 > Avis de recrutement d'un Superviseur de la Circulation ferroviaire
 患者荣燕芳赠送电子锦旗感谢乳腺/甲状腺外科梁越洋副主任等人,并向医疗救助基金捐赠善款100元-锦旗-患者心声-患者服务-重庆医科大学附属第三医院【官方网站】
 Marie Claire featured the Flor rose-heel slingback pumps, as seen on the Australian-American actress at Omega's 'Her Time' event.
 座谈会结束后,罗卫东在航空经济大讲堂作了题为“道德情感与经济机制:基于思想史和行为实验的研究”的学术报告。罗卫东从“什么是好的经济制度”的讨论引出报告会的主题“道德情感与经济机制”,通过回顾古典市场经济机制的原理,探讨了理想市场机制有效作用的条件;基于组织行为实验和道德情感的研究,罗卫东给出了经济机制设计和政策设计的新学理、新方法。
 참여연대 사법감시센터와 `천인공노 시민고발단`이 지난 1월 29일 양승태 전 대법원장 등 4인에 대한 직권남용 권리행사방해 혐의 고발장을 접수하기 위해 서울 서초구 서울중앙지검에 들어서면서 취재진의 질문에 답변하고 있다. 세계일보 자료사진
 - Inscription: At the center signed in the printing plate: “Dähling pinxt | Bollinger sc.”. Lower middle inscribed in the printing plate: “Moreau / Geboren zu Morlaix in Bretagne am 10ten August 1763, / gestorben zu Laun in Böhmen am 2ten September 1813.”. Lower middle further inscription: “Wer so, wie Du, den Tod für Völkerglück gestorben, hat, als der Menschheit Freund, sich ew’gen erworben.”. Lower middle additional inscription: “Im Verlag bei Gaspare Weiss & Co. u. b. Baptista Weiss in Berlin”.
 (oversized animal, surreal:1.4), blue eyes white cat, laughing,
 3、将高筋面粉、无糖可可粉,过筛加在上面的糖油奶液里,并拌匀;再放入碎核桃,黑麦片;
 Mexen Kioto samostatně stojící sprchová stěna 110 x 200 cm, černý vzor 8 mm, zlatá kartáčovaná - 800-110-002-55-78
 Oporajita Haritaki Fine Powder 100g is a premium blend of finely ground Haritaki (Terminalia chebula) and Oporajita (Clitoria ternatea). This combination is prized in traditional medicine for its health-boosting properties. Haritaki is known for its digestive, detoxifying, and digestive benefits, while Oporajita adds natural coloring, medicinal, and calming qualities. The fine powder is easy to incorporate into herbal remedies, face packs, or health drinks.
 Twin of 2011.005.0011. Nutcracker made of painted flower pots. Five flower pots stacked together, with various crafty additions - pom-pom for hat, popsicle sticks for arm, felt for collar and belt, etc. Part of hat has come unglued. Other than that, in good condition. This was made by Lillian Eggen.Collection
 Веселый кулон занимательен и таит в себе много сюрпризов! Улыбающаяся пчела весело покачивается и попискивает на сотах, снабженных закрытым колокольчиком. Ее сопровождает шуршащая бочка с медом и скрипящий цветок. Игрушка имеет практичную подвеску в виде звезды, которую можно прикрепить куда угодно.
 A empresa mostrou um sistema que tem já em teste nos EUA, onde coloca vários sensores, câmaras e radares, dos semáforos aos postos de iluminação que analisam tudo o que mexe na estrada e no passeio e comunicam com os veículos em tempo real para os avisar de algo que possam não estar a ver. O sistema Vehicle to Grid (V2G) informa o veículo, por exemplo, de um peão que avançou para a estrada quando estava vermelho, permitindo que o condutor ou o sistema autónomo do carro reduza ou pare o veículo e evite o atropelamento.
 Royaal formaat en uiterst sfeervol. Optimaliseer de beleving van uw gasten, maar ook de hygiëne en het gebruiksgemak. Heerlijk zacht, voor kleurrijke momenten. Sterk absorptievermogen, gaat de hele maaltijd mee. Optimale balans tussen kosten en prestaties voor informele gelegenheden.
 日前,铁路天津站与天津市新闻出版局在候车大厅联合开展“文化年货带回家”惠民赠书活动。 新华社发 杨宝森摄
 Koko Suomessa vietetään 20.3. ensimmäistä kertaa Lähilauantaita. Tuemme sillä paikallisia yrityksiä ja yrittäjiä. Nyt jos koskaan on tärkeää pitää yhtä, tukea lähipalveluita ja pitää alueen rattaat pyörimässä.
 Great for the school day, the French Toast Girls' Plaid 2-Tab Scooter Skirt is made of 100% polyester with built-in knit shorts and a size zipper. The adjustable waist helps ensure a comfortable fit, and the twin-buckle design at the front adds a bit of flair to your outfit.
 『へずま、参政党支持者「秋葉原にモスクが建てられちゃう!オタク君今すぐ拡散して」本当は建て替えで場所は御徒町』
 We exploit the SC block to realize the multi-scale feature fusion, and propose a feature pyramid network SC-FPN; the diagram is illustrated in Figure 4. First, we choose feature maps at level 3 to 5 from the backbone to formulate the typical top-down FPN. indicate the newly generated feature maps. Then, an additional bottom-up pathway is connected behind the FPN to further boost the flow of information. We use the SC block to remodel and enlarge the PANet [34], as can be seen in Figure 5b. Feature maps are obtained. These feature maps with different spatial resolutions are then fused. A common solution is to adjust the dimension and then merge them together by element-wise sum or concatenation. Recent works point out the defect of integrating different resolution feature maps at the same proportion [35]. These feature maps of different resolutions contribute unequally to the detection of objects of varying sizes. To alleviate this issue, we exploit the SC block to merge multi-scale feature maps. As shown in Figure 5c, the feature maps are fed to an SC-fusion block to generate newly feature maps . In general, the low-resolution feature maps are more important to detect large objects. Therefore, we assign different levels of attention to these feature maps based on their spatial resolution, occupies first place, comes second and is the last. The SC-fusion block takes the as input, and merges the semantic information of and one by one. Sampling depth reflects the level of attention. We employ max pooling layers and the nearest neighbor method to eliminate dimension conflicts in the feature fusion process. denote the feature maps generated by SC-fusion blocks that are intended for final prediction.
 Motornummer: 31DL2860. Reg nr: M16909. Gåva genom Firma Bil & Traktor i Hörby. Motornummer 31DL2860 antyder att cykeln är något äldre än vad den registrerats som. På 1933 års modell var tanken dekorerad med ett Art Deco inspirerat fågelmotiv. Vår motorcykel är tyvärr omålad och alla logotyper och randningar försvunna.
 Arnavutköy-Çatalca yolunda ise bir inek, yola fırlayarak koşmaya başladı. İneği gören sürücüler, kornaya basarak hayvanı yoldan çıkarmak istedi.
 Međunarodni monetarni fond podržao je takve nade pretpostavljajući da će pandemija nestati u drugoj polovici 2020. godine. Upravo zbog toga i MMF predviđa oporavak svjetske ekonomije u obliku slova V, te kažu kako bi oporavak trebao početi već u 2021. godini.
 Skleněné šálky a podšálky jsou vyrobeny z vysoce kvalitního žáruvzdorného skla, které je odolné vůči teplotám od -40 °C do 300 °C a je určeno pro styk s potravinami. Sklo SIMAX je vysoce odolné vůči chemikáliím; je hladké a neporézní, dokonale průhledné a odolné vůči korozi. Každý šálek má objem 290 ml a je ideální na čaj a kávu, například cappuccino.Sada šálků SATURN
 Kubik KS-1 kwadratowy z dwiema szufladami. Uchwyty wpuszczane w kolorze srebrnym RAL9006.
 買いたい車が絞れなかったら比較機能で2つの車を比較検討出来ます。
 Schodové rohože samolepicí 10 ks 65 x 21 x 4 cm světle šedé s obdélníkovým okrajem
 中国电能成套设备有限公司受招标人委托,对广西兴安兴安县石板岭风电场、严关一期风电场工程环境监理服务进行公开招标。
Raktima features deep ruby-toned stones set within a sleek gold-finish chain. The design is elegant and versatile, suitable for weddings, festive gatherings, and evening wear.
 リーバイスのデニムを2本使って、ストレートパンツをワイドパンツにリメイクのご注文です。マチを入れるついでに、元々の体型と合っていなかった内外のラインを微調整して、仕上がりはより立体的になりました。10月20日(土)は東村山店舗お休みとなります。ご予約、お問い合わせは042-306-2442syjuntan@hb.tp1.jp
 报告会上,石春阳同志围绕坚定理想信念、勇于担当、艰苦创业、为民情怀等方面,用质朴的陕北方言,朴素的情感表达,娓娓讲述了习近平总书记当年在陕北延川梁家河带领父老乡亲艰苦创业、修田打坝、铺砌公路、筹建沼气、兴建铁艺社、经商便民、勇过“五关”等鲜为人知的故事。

**Exercise instructions:**
What is wanted is every line from the first line of the entries through the line that contains "있다. 세계일보 자료사진", given again exactly.

**Response to this task:**
 > Avis de recrutement d'un Superviseur de la Circulation ferroviaire
 患者荣燕芳赠送电子锦旗感谢乳腺/甲状腺外科梁越洋副主任等人,并向医疗救助基金捐赠善款100元-锦旗-患者心声-患者服务-重庆医科大学附属第三医院【官方网站】
 Marie Claire featured the Flor rose-heel slingback pumps, as seen on the Australian-American actress at Omega's 'Her Time' event.
 座谈会结束后,罗卫东在航空经济大讲堂作了题为“道德情感与经济机制:基于思想史和行为实验的研究”的学术报告。罗卫东从“什么是好的经济制度”的讨论引出报告会的主题“道德情感与经济机制”,通过回顾古典市场经济机制的原理,探讨了理想市场机制有效作用的条件;基于组织行为实验和道德情感的研究,罗卫东给出了经济机制设计和政策设计的新学理、新方法。
 참여연대 사법감시센터와 `천인공노 시민고발단`이 지난 1월 29일 양승태 전 대법원장 등 4인에 대한 직권남용 권리행사방해 혐의 고발장을 접수하기 위해 서울 서초구 서울중앙지검에 들어서면서 취재진의 질문에 답변하고 있다. 세계일보 자료사진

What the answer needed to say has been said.